Using such minor elements, Ague and Axler (2016) described clearly defined P-rich domains in garnet (in parts showing oscillatory zoning) of HP granulites from the Saxonian Erzgebirge, which experienced 1 000-1 050 ℃. The author demonstrated that Na and Ti-in a more diffuse way- mimic the zoning pattern of P. The Mg-distribution, however, was shown to be very homogeneous and even Ca, which diffuses more slowly than Mg and Fe2+, did not demonstrate a sharp zonation (e.g., Chernoff and Carlson, 1999). Thus conventional geothermobarometry based on Mg-Fe2+ exchange reactions involving garnet may lead to erroneous results, if applied to HT and particularly UHT metamorphic rocks. The study of such trace element and REE distribution maps, and their interpretation in combination with mineral inclusion studies, can help to define distinct PT stages, even if they occur during an early subduction process or if they, for instance, represent an older metamorphic event of a polymetamorphic rock. Such a combined study however has to be undertaken in a very careful way, since the former major element zonation does not necessarily need to coincide with the former zonation derived from minor or trace/REE elements.

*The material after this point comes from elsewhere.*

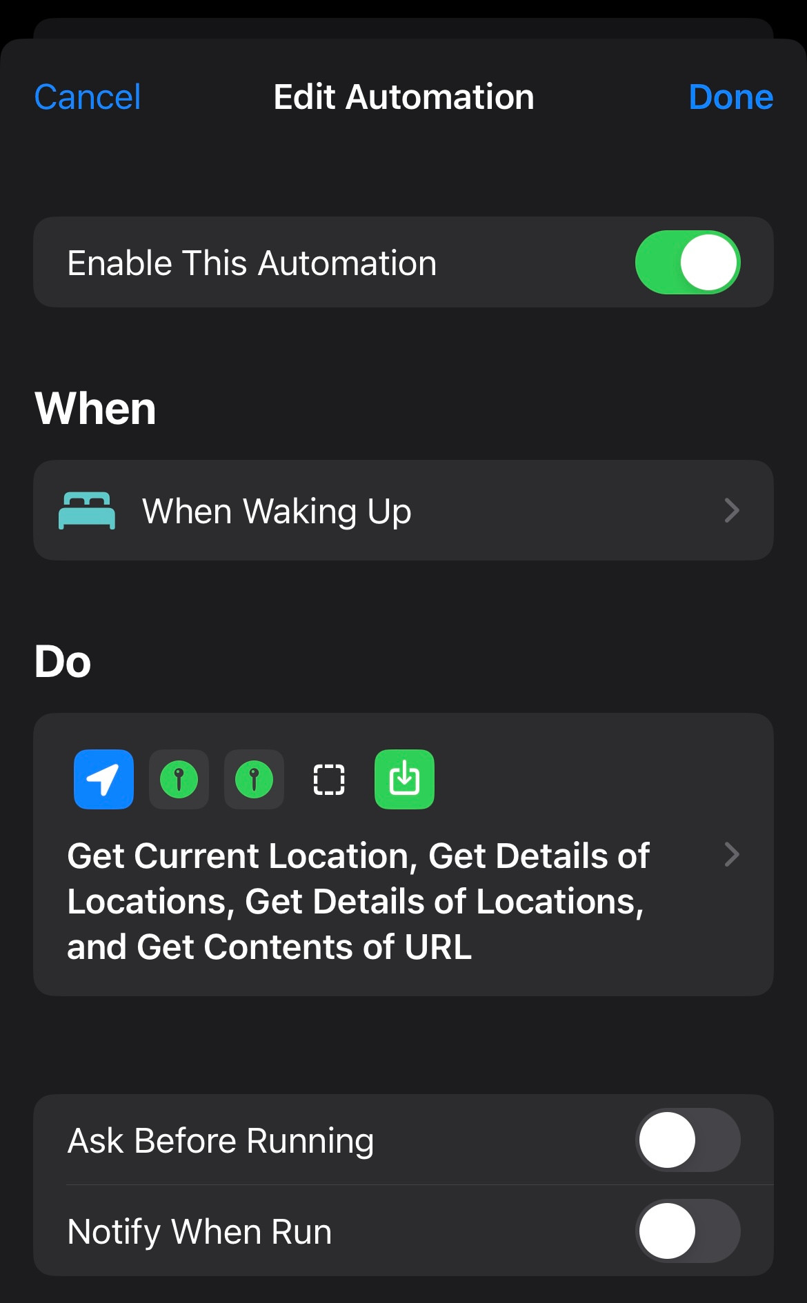 There's probably a lot of ways to do this, but I went for the dumbest (and simplest) one: an iOS shortcut that runs every day after I wake up.

The internal growth structures of garnet visualized by CL-studies have also significant thermodynamic/kinetic implications. The large amount of roundish orange luminescent patches in the core domain of grossular may refer to very early nucleation stages of garnet growth. It is known from the classical nucleation theory (CNT) that the scenario of crystal growth starts with a stage of a multitude of nucleation seeds, which can only begin to crystallize when a critical nucleus size is reached at an oversaturation stage (e.g., Teng, 2013). This of course takes place at an atomistic level. However, the cores of the roundish and early grossular patches may represent such seed areas and may have started to grow/crystallize when their growth rate exceeded their nucleation rate. The electron microprobe data would support such a scenario, since in general, when garnet starts to grow in a metamorphic rock, these zones are known to remove manganese from the local surrounding in order to incorporate it into the garnet structure and the average amount of MnO in the core patches (0.22 wt.%, Ø 11 analyses) is higher (not much but distinctively) than in the rim portions (0.14 wt.%, Ø 29 analyses) or even in the luminescent rim portions (0.17 wt.%, Ø 7 analyses).

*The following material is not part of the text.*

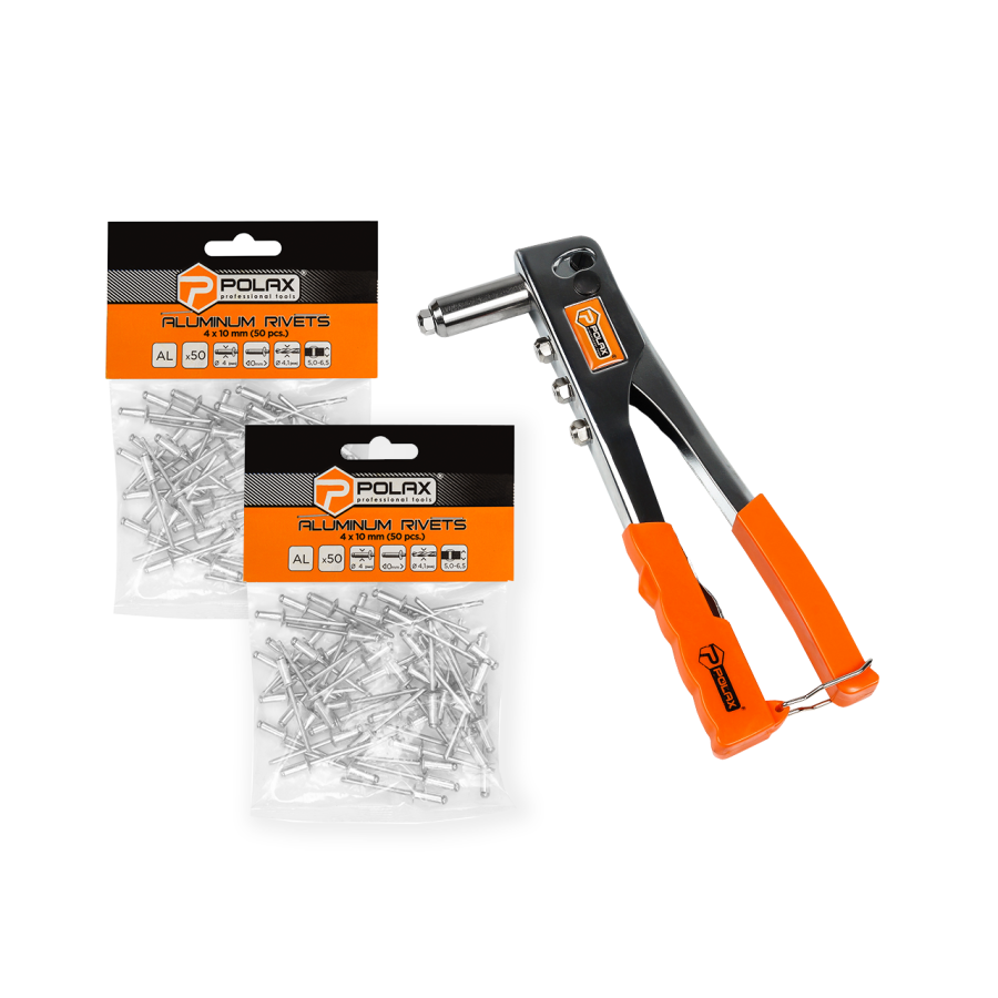 Огляд набору Polax: пістолет для заклепок хромований і заклепки 4 х 10 мм, 2 уп (337-02)

As a further advantage of the CL-microscopy, an entire thin section can be studied within minutes and just those garnets (or other luminescent minerals) can be chosen for further studies which are promising or interesting with respect to their zonation or internal structures. One problem that often occurs can be easily prevented by using the CL-technique: if for instance further EMP- or ion probe studies are required, it is often not easy to locate a garnet crystal in thin section, which is cut through the middle of the grain and thus provides core, mantle as well as rim zones for succeeding measurements. If a luminescent pyrope, as those studied, is cut only through the mantle region, it then would only show an oscillatory core and a non- to dull luminescent rim and the interpretation of such sections would lead to erroneous results.

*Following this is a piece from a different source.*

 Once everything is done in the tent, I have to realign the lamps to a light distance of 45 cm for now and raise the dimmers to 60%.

The high resolution of the CL images represents an advantage not to be underestimated. The oscillatory zoning of the pyrope mantle zone, for instance, becomes easily visible using CL-microscope. In Fig. 3 which shows microprobe X-ray element distribution maps performed with a step width of 4 μm, an oscillatory zoning does not become visible. At most the Ca-distribution map (Fig. 3c) shows a very small indication of this zonation. The measuring time of such an image, however, depending on the resolution chosen, takes 3-10 hours. The clear indication of the oscillatory zoning of pyrope displayed using the CL-technique, can be demonstrated within seconds. The knowledge of such kind of zonations, especially if the resolution is very high as shown by the studied samples and if difficult to visualize using X-ray maps, is of invaluable significance for kinetical as well as for geochronological questions. The sharp oscillatory zones very likely represent growth features which result from distinctively different, although small, amounts of REEs, visualized by CL. Further studies would need to be performed in order to figure out if the oscillatory zonation is, for instance, caused by external processes as cycling changes of the fluid composition (or even of pressure/ temperature conditions) or by kinetic reasons which supported the growth of pyrope (see e.g., discussion by Kohn, 2004). In any event, the pyrope is interpreted to result from metasomatic formation (e.g., Ferrando et al., 2009; Schertl et al., 2008; Compagnoni and Hirajima, 2001) and fluid played a dominant role in their formation. Thus it is possible that within a fluid saturated system, different elements which exhibit different rates of mass transport towards the crystal surface, caused the zonation observed. On the other hand the oscillatory zones indicate slow rates of intracrystalline diffusion of the respective REEs involved, preventing the zoning patterns from a later modification. Possible concomitant options to gain from such data derived from garnet, refer to the usage of REEs for geothermobarometrical analysis (e.g., Schmidt et al., 2011; Scherer et al., 2000; Ganguly et al., 1998) or even as pathfinder of ore deposits (e.g., Park et al., 2017; Zhai et al., 2014).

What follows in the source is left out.